Bu itibarla, mahkemece yapılan keşif sonucu alınan bilirkişi heyet raporu denetime elverişli olup, hüküm kurmaya yeterli görüldüğünden davacı alt yüklenicinin 17.04.2017 tarihli götürü bedelli sözleşme dışında toplam 7.811,60 TL fazla imalat gerçekleştirdiği, ayrıca 27.04.2017 tarihli götürü bedelli sözleşme kapsamında yaptığı imalatın %100 oranında olduğu ve sözleşme kapsamında belirlenen 140.000,00 TL bedelin tamamını hakettiği, davalı asıl yüklenici tarafından sözleşme kapsamında 138.000,00 TL’nin ödendiği, bakiye 2.000,00 TL iş bedelinin ödenmediği anlaşılmakla, toplam 9.811,68 TL’nin davalıdan tahsili yönünde hüküm kurulması gerekirken yerel mahkemece davanın reddi yönünde kurulan hüküm yerinde olmamıştır.
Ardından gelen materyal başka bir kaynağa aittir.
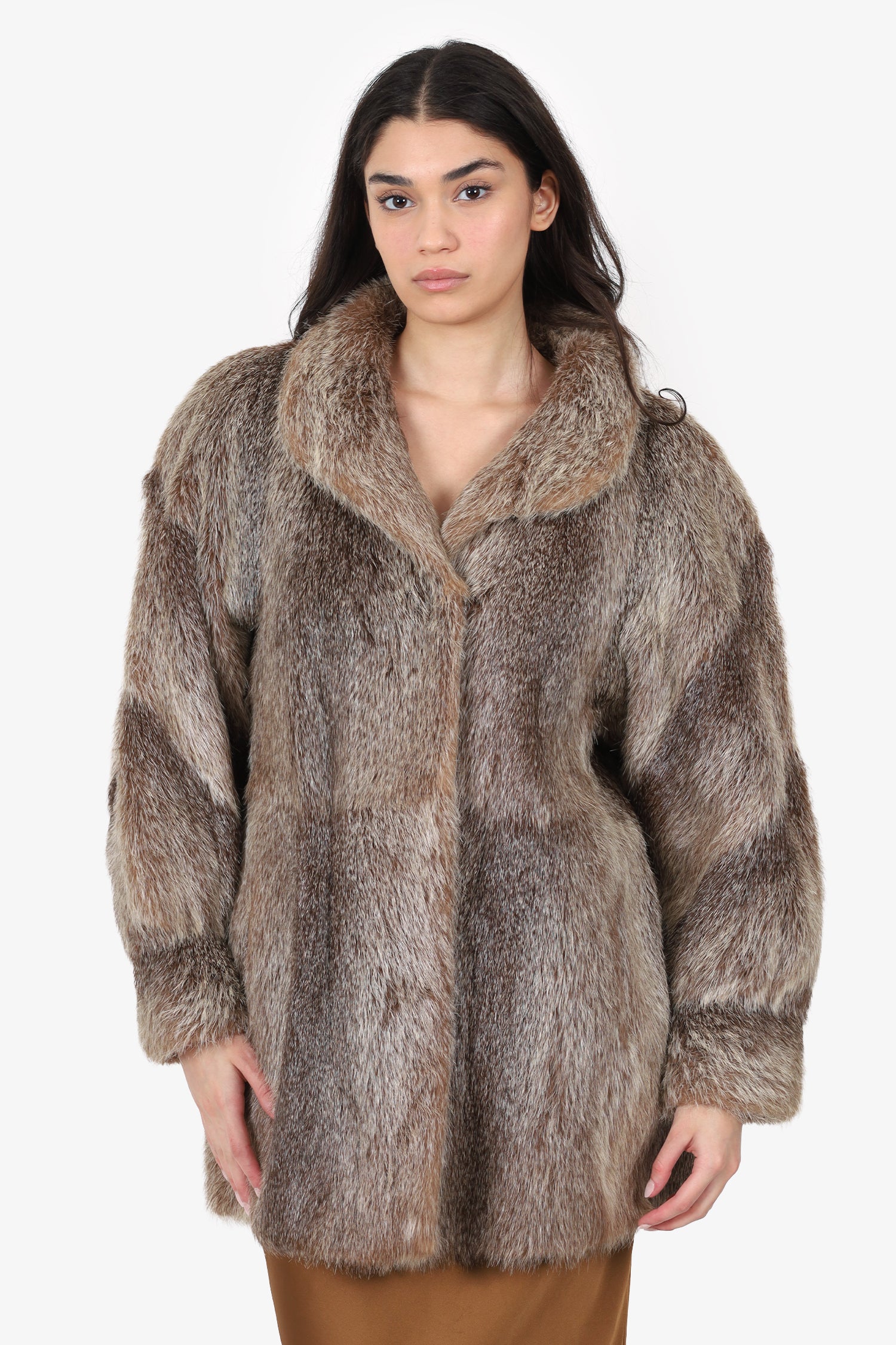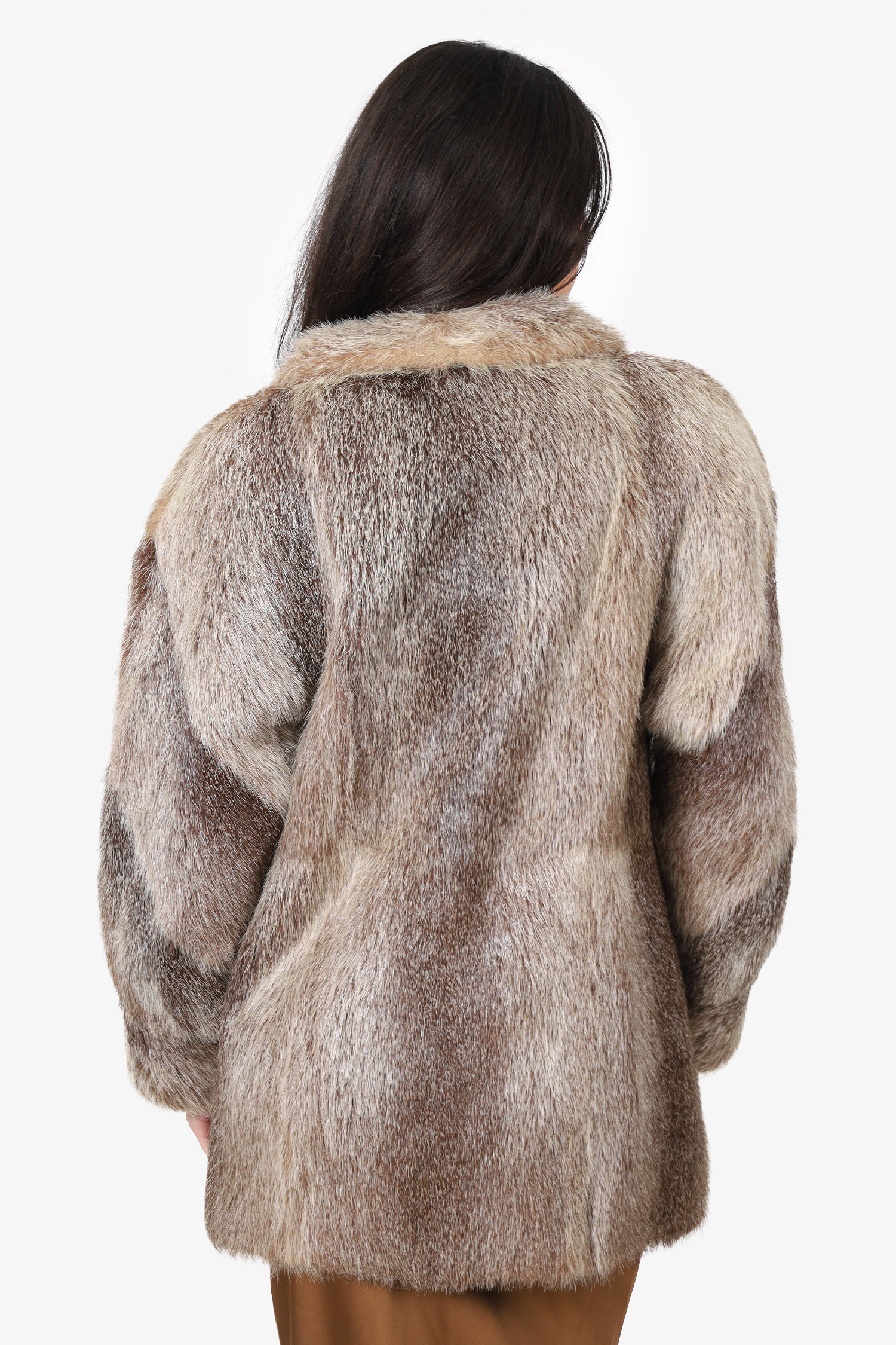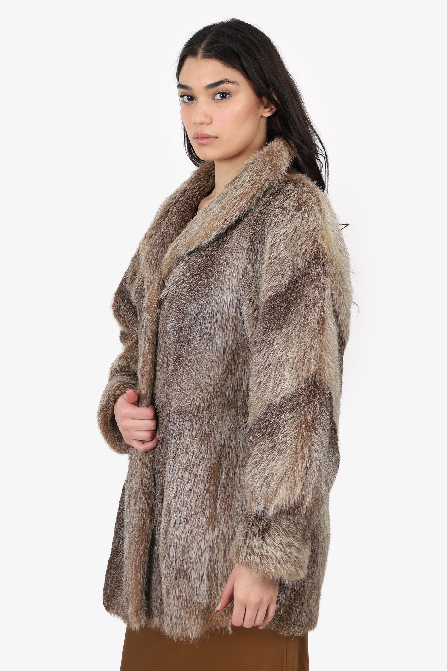 Refresh availabilityVintage Brown Fur Coat. Slip-on. Collared neckline. Front hook closure. 2 exterior slip pockets. Lined interior. Tonal stitching.

Yukarıda açıklanan gerekçelerle, talebin ve istinaf sebeplerinin niteliğine göre duruşma açılmasına gerek görülmeyerek, dosya üzerinde yapılan inceleme sonucunda, davacının istinaf başvurusunun Hukuk Muhakemeleri Kanunun 353/1-b-2 maddesi uyarınca kabulü ile ilk derece mahkemesi kararının kaldırılarak, dairemizce hüküm kurulması gerekmiştir.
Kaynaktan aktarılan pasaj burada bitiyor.